DESCRIPTION OF THE TASK |
Below are entries. Give back exactly the lines from the one containing "Mexen Enzo гранитна" through the one containing "Самые красивые лилейники, на", inclusive, without the pictures.

DATA PROVIDED |
☆ ☆ ☆ ☆ ☆

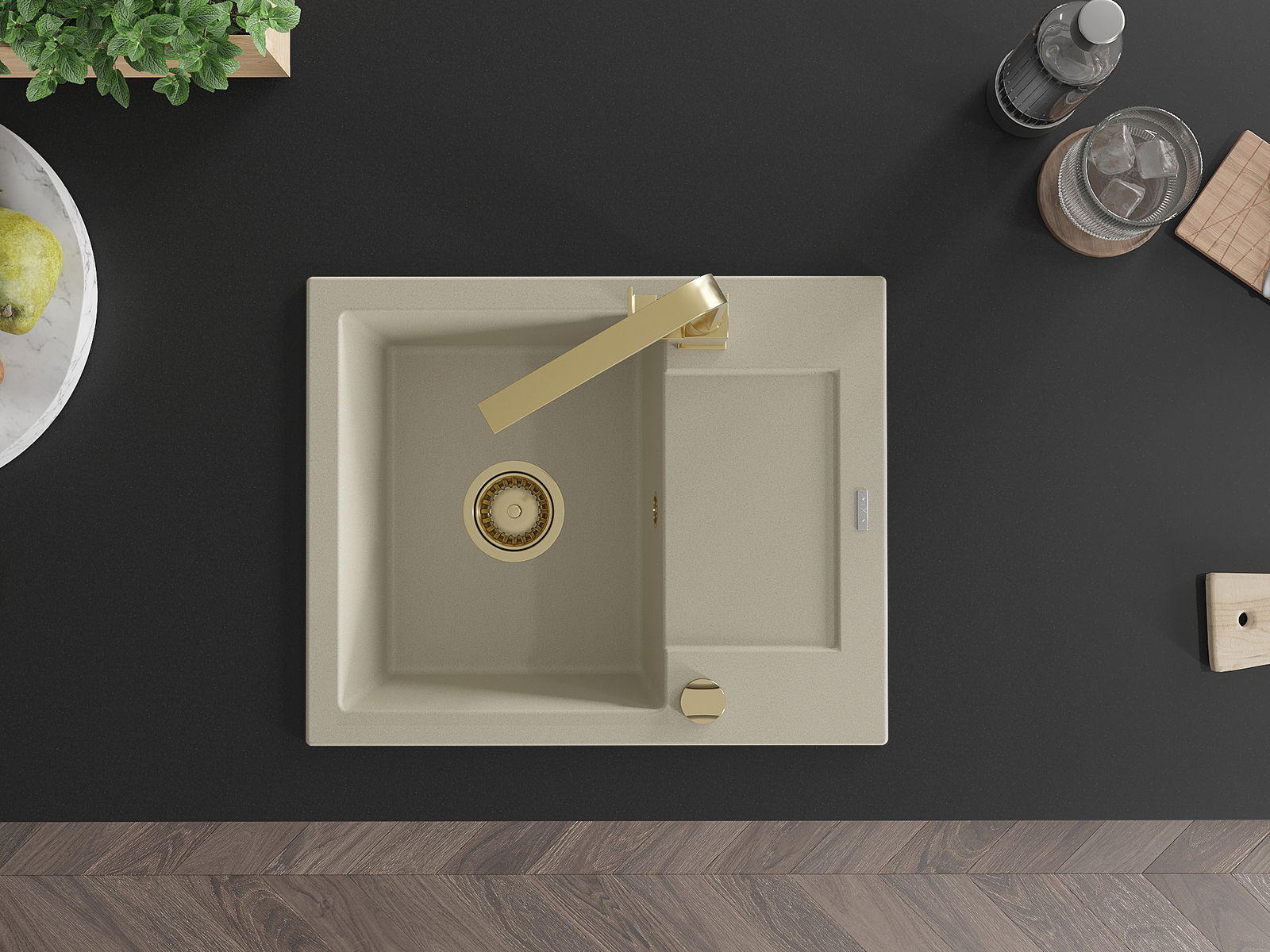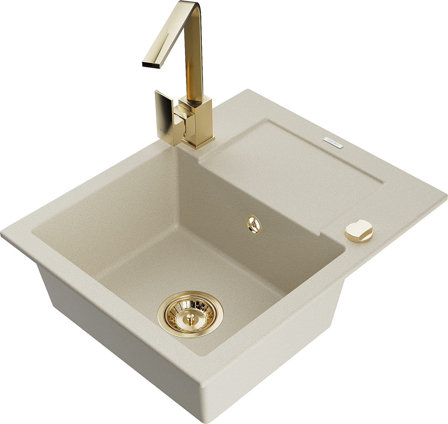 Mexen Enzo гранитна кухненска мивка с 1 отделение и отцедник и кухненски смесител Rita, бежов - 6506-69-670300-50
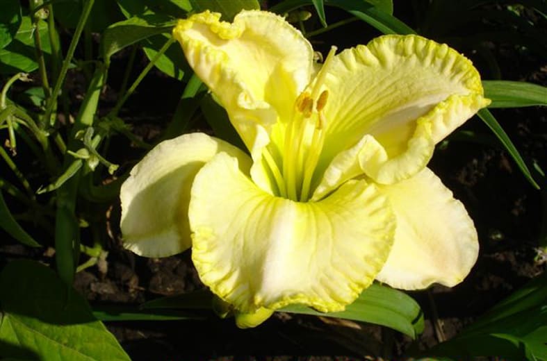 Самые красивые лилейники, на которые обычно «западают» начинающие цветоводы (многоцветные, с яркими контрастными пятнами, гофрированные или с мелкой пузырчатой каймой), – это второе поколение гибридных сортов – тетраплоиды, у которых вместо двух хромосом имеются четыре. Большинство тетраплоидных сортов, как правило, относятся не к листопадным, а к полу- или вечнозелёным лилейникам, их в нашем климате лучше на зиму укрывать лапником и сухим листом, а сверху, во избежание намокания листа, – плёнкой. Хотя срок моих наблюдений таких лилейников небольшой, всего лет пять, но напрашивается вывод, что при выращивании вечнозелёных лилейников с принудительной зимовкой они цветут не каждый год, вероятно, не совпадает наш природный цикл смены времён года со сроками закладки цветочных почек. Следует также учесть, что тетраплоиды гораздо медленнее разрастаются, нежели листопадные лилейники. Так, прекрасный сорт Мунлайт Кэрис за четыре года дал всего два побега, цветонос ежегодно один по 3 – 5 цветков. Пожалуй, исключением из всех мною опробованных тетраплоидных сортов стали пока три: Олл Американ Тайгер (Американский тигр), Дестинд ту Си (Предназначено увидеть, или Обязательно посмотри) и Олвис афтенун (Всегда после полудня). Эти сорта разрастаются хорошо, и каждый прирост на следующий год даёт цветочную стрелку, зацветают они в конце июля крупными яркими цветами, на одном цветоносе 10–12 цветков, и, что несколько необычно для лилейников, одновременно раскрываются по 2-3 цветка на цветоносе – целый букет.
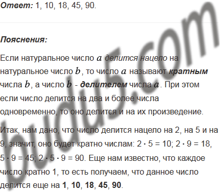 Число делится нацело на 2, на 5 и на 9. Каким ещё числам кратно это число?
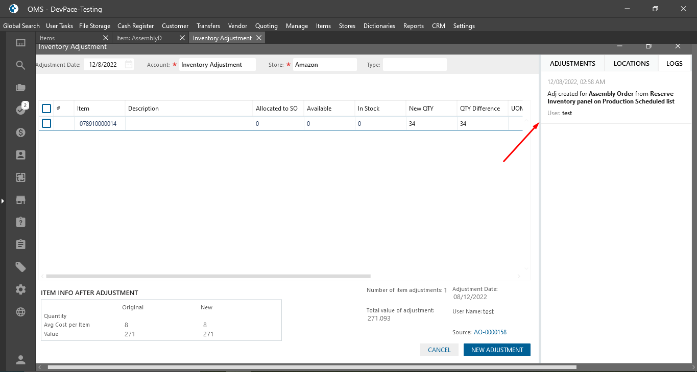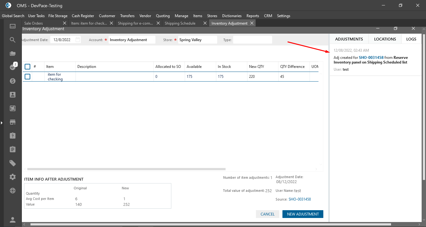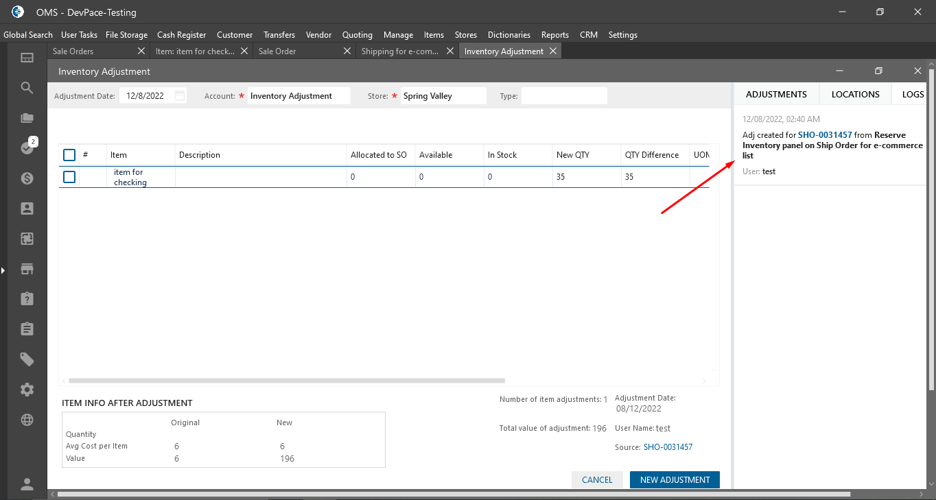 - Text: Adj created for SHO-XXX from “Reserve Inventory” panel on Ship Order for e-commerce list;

☆ ☆ ☆ ☆ ☆

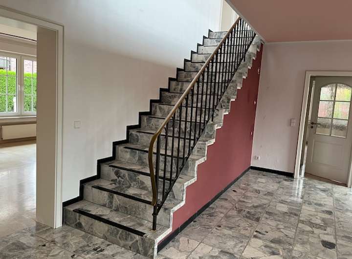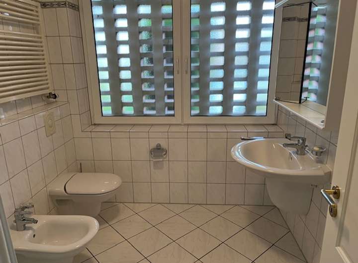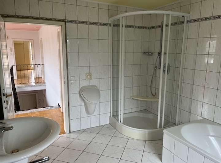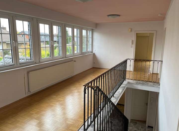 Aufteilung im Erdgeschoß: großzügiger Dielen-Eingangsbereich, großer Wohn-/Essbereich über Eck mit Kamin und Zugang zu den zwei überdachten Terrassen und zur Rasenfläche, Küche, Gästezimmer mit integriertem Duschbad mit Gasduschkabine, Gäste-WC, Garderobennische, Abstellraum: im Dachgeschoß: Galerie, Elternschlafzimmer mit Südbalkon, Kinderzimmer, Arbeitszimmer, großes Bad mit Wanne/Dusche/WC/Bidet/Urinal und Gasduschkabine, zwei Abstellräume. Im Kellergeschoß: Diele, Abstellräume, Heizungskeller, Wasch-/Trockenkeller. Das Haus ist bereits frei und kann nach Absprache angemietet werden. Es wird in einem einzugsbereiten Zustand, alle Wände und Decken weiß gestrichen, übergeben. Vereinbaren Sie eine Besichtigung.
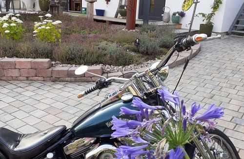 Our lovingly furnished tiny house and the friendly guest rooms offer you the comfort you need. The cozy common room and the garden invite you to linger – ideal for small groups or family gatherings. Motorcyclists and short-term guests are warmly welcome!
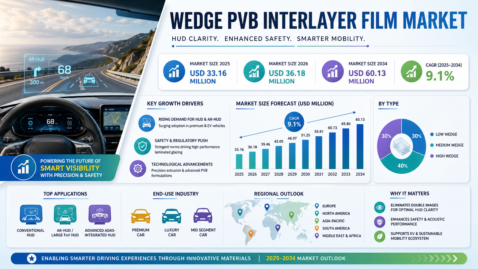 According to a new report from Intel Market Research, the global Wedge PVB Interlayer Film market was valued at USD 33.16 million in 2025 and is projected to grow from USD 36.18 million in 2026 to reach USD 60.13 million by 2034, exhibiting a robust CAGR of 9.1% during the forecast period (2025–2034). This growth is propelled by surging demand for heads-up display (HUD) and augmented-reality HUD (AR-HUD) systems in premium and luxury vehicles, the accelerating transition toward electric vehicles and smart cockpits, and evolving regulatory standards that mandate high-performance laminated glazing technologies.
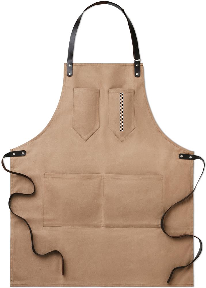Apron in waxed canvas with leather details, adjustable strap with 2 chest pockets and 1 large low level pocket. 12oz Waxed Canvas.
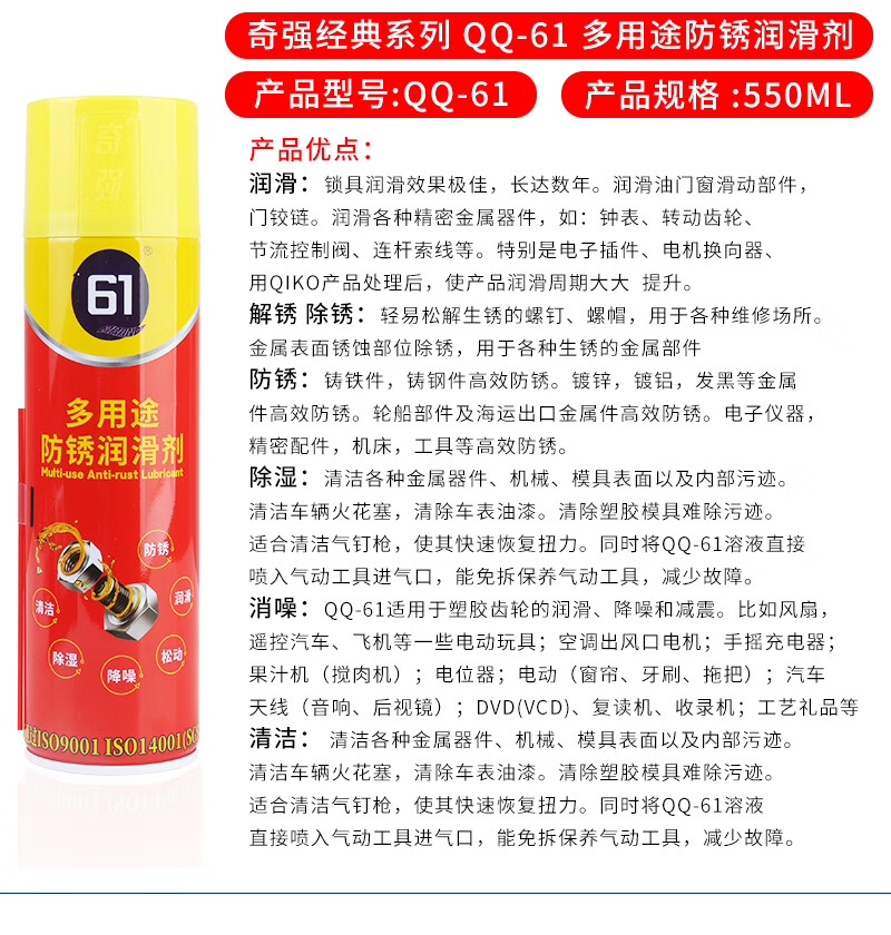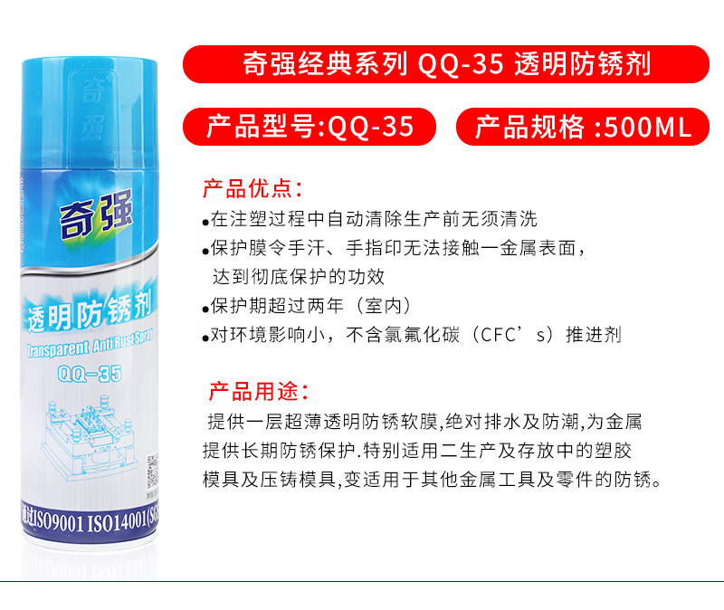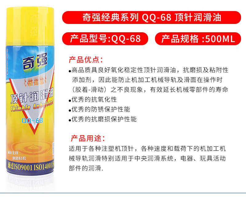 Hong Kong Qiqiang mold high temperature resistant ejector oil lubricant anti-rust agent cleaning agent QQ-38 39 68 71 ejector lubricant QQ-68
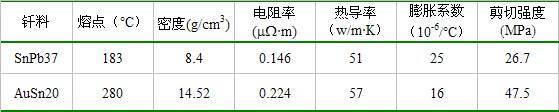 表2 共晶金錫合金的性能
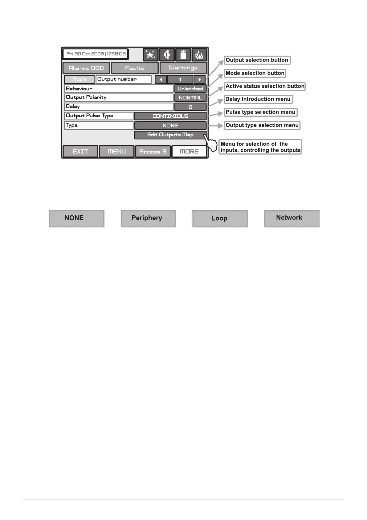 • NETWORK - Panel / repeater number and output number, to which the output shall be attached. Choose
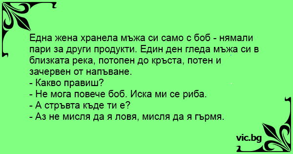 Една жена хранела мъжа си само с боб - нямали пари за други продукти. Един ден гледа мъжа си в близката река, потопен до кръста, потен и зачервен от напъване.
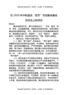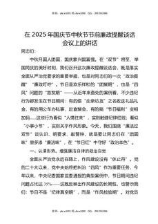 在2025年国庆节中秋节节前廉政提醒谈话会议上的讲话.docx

☆ ☆ ☆ ☆ ☆

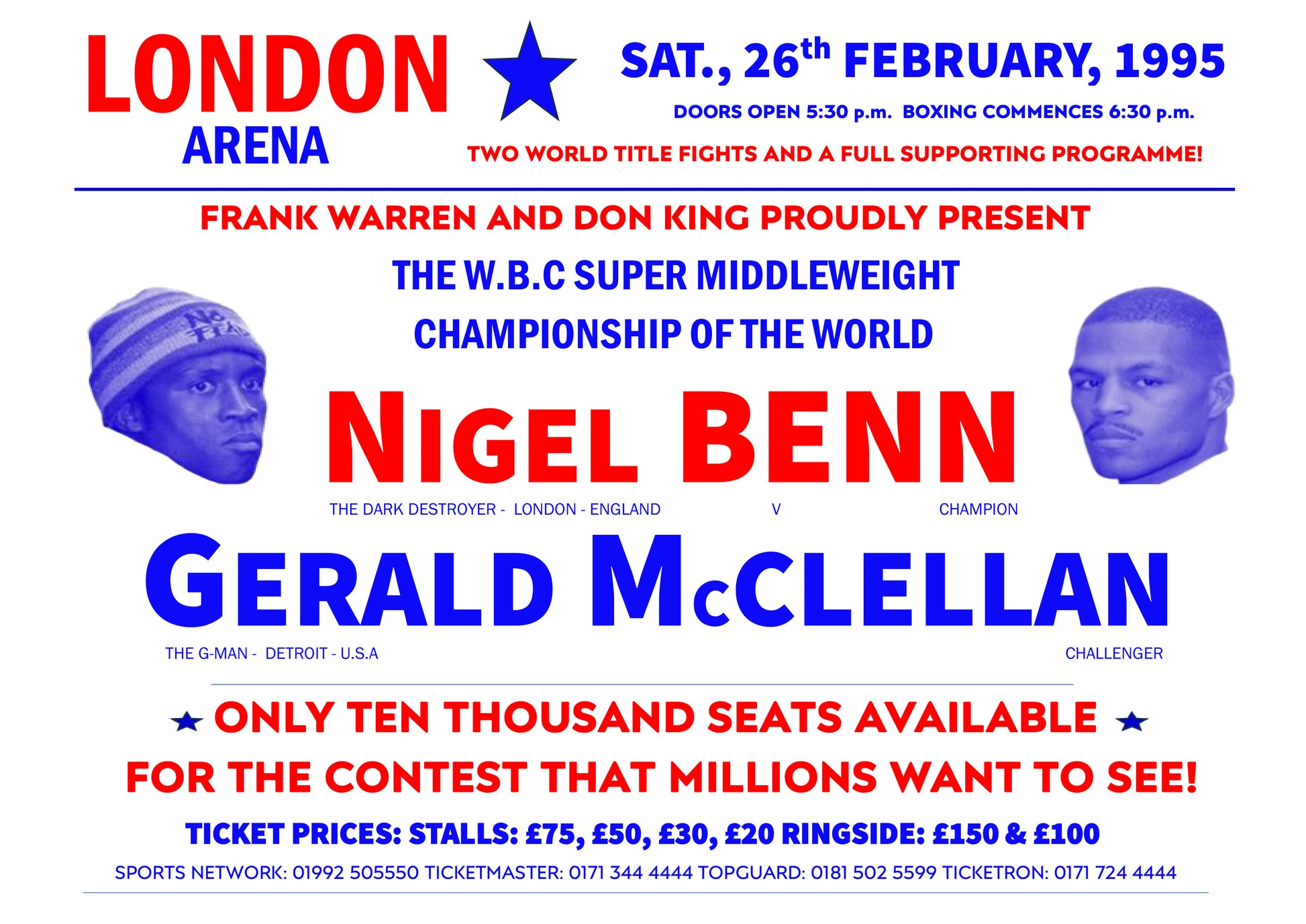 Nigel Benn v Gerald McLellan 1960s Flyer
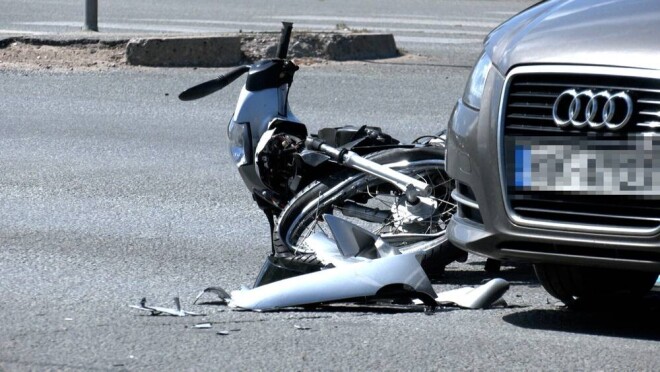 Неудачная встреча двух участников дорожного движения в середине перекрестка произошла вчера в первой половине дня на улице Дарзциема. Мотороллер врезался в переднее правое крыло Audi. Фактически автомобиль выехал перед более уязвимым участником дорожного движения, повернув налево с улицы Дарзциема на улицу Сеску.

☆ ☆ ☆ ☆ ☆

TASK SOLUTION |
 Mexen Enzo гранитна кухненска мивка с 1 отделение и отцедник и кухненски смесител Rita, бежов - 6506-69-670300-50
 Самые красивые лилейники, на которые обычно «западают» начинающие цветоводы (многоцветные, с яркими контрастными пятнами, гофрированные или с мелкой пузырчатой каймой), – это второе поколение гибридных сортов – тетраплоиды, у которых вместо двух хромосом имеются четыре. Большинство тетраплоидных сортов, как правило, относятся не к листопадным, а к полу- или вечнозелёным лилейникам, их в нашем климате лучше на зиму укрывать лапником и сухим листом, а сверху, во избежание намокания листа, – плёнкой. Хотя срок моих наблюдений таких лилейников небольшой, всего лет пять, но напрашивается вывод, что при выращивании вечнозелёных лилейников с принудительной зимовкой они цветут не каждый год, вероятно, не совпадает наш природный цикл смены времён года со сроками закладки цветочных почек. Следует также учесть, что тетраплоиды гораздо медленнее разрастаются, нежели листопадные лилейники. Так, прекрасный сорт Мунлайт Кэрис за четыре года дал всего два побега, цветонос ежегодно один по 3 – 5 цветков. Пожалуй, исключением из всех мною опробованных тетраплоидных сортов стали пока три: Олл Американ Тайгер (Американский тигр), Дестинд ту Си (Предназначено увидеть, или Обязательно посмотри) и Олвис афтенун (Всегда после полудня). Эти сорта разрастаются хорошо, и каждый прирост на следующий год даёт цветочную стрелку, зацветают они в конце июля крупными яркими цветами, на одном цветоносе 10–12 цветков, и, что несколько необычно для лилейников, одновременно раскрываются по 2-3 цветка на цветоносе – целый букет.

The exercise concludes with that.